Avery Lawrence, pictured above, appears in “Arranging Suitcases.” The artist’s costume, which matches the upholstery of the chair on his back as well as the wallpaper behind him, is meant to evoke his paternal grandmother, who decorated with wallpaper.
Enter Avery Lawrence’s exhibition at Heiner Contemporary, and you’ll find a smattering of sculpture, wallpaper, installation, drawings and photography. But the work centers on two short films that are also being shown there, in a continuous loop. Conceived by and starring the New Orleans-based artist, “Moving a Tree” and “Arranging Suitcases” are enigmatic meditations on the theme of passage and transition, inspired by Lawrence’s maternal and paternal grandparents (each of whom is played by the artist, as he undertakes acts of bizarre physical exertion).

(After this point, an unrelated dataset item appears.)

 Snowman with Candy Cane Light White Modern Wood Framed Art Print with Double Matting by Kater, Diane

Read my review of Lawrence’s intriguing show, and check out a selection of images from the show after the jump.
Each of Lawrence’s two films involve strange, seemingly pointless physical exertion. In “Arranging Suitcases,” the artist transports an ungainly bundle of luggage on his back.

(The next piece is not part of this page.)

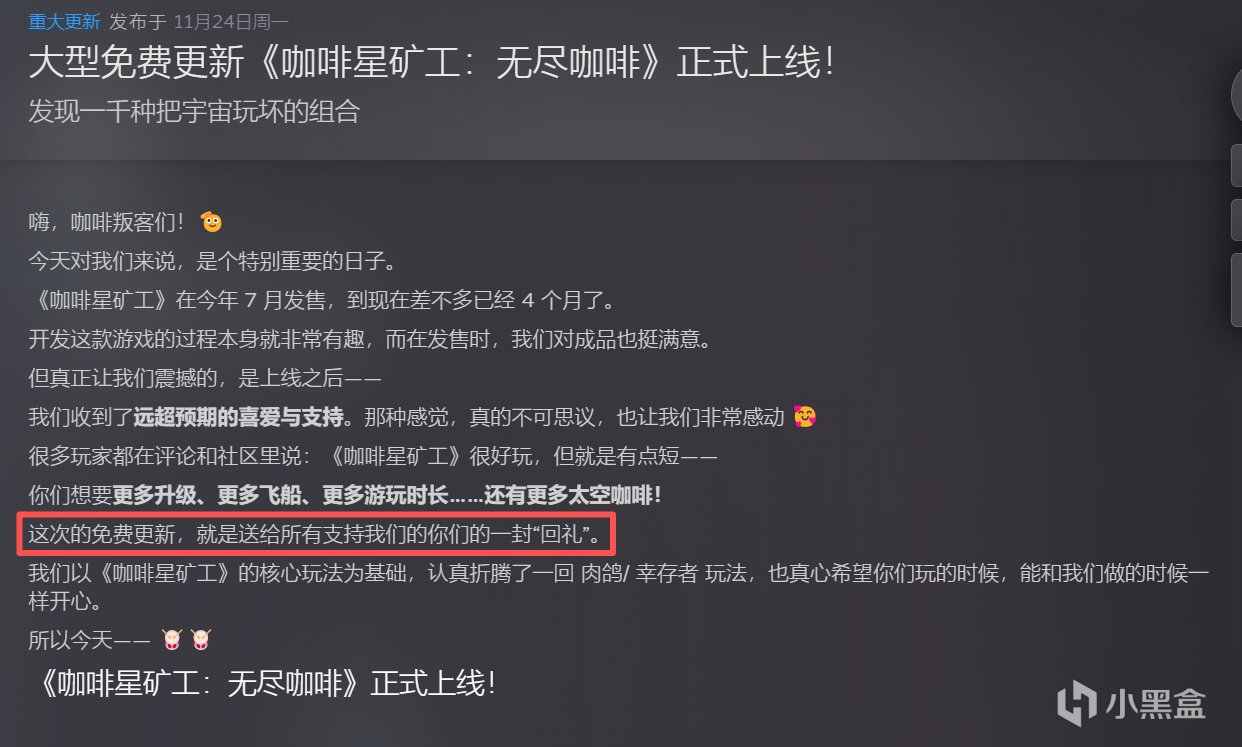 而《咖啡星矿工》的开发团队在听到玩家觉得游戏内容偏短的“尖锐”呼声后,花费了数个月,于昨天正式免费更新了类似《土豆兄弟》的肉鸽类幸存者模式——无尽咖啡。

In “Moving a Tree,” Lawrence is shown cutting down a tree and then painstakingly re-assembling it a short distance away. His exhibitions often involve live performances by the artist, seen here on a treadmill, with a stump strapped to him like a backpack. Part of the show at Heiner, the stump was recently sold to a collector for an undisclosed sum.

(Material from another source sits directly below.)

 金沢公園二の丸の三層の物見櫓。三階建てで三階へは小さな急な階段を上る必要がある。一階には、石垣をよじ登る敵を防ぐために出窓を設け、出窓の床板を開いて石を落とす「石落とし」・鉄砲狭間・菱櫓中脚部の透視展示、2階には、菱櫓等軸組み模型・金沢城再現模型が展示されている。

The show also includes several surrealistic drawings associated with Lawrence’s films, such as "The Dandy I.”
Both of Lawrence’s films deal with the notion of transition — from one physical place to another, or from one world to the next. Here, the artist poses with his suitcases, which he is in the process of transporting, by pulley, across a New Orleans canal.
At the opening, Lawrence performed on a stationary bike/sousaphone, an odd construction that features prominently in “Arranging Suitcases.” On April 20, the artist will present another live performance at the show’s closing reception.